In recent years, capabilities for genotyping large sets of single nucleotide polymorphisms (SNPs) has increased considerably with the ability to genotype over 1 million SNP markers across the genome. This advancement in technology has led to an increase in the number of genome-wide association studies (GWAS) for various complex traits. These GWAS have resulted in the implication of over 1500 SNPs associated with disease traits. However, the SNPs identified from these GWAS are not necessarily the functional variants. Therefore, the next phase in GWAS will involve the refining of these putative loci.
A next step for GWAS would be to catalog all variants, especially rarer variants, within the detected loci, followed by the association analysis of the detected variants with the disease trait. However, sequencing a locus in a large number of subjects is still relatively expensive. A more cost effective approach would be to sequence a portion of the individuals, followed by the application of genotype imputation methods for imputing markers in the remaining individuals. A potentially attractive alternative option would be to impute based on the 1000 Genomes Project; however, this has the drawbacks of using a reference population that does not necessarily match the disease status and LD pattern of the study population.

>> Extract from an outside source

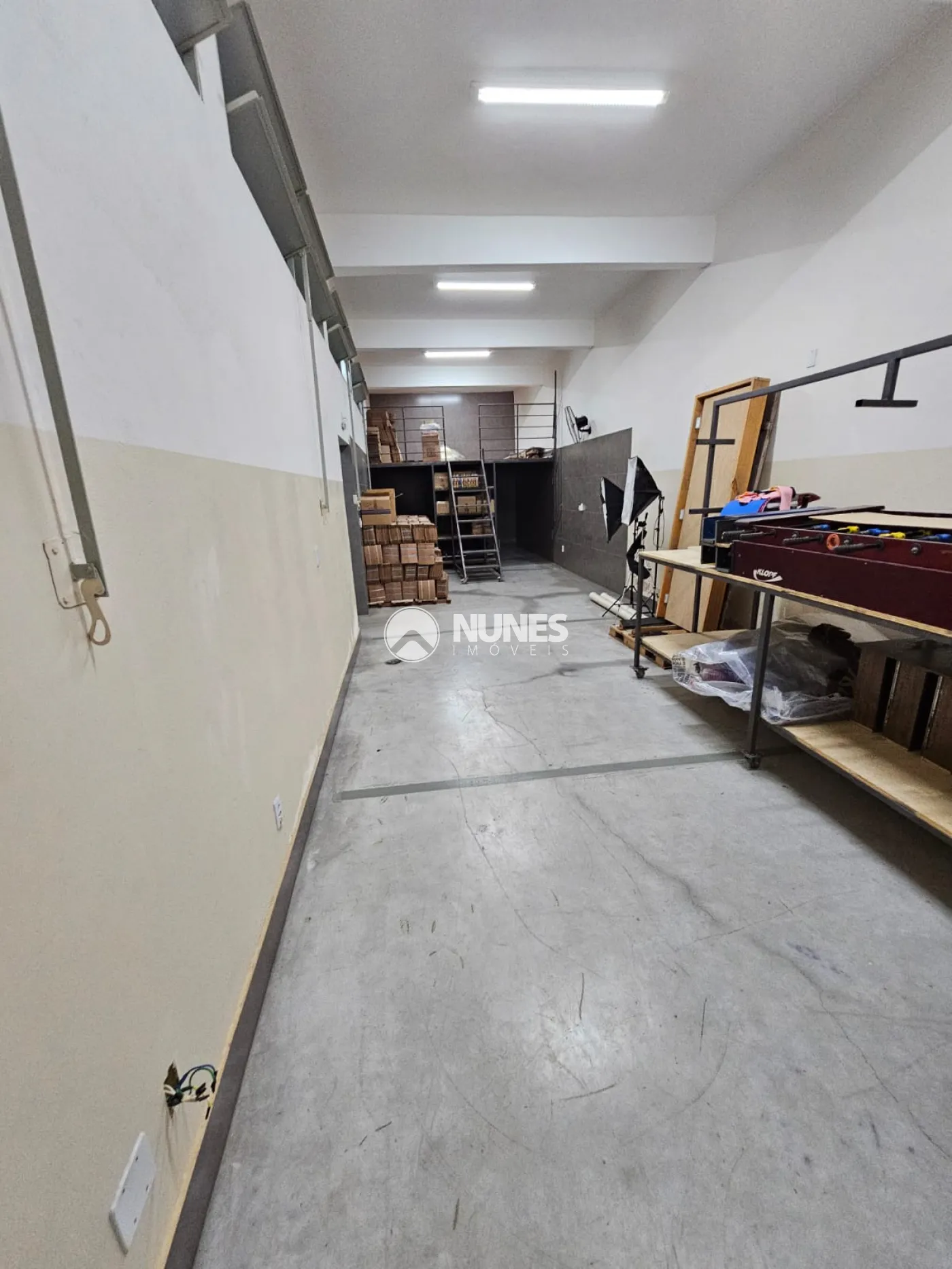 Subsolo: Salão de 110,00 m², garagem para até 04 carros, com 01 banheiro, mezanino com escada móvel e bancada de trabalho, 02 portas de acesso, desse carro até 03 metros de altura, portão automático.

We explored a variety of approaches for carrying out the imputation using a reference panel consisting of sequence data for a fraction of the study participants using data from both a candidate gene sequencing study and the 1000 Genomes Project.
Imputation of genetic variation based on a proportion of sequenced samples is feasible. Our results indicate the following sequencing study design guidelines which take advantage of the recent advances in genotype imputation methodology: Select the largest and most diverse reference panel for sequencing and genotype as many "anchor" markers as possible.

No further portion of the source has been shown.